* [PROBLEM]: Going line by line through the records below, write out everything starting with the line containing "Hola. Disculpa la" and going on through the line containing "Here is a Jungle", exactly and inclusively. Pictures do not go in.

* [DATA TO PROCESS]:
----------

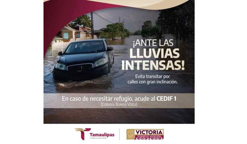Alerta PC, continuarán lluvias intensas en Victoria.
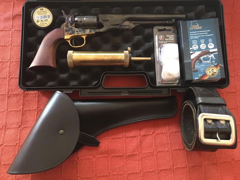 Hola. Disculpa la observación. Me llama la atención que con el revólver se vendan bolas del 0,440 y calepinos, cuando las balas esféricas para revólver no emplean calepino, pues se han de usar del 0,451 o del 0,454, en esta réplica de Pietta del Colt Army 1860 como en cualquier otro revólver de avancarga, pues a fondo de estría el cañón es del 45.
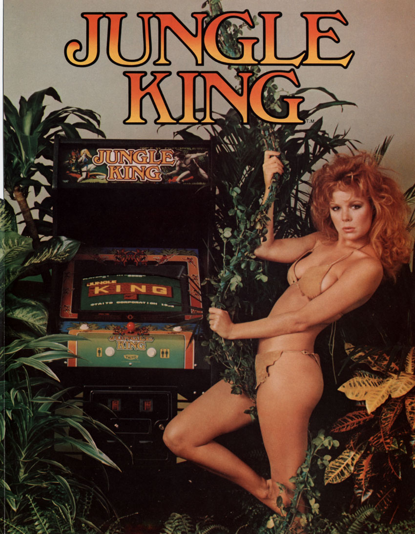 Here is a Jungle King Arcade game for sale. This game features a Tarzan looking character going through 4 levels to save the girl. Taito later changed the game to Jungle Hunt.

----------

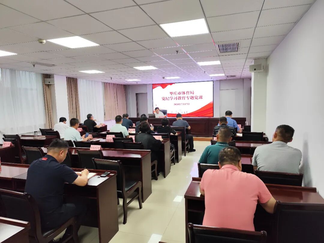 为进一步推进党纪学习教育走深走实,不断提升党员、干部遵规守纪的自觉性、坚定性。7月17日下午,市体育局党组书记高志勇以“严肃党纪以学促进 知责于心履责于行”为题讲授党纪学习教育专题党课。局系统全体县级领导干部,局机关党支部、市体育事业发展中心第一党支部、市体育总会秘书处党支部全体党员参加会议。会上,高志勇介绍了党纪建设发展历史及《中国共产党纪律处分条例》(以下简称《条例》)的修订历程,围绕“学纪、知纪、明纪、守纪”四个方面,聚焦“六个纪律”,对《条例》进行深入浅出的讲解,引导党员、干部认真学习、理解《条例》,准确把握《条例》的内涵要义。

----------

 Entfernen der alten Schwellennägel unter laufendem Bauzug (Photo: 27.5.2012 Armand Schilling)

----------

* [WRITTEN RESPONSE]:
 Hola. Disculpa la observación. Me llama la atención que con el revólver se vendan bolas del 0,440 y calepinos, cuando las balas esféricas para revólver no emplean calepino, pues se han de usar del 0,451 o del 0,454, en esta réplica de Pietta del Colt Army 1860 como en cualquier otro revólver de avancarga, pues a fondo de estría el cañón es del 45.
 Here is a Jungle King Arcade game for sale. This game features a Tarzan looking character going through 4 levels to save the girl. Taito later changed the game to Jungle Hunt.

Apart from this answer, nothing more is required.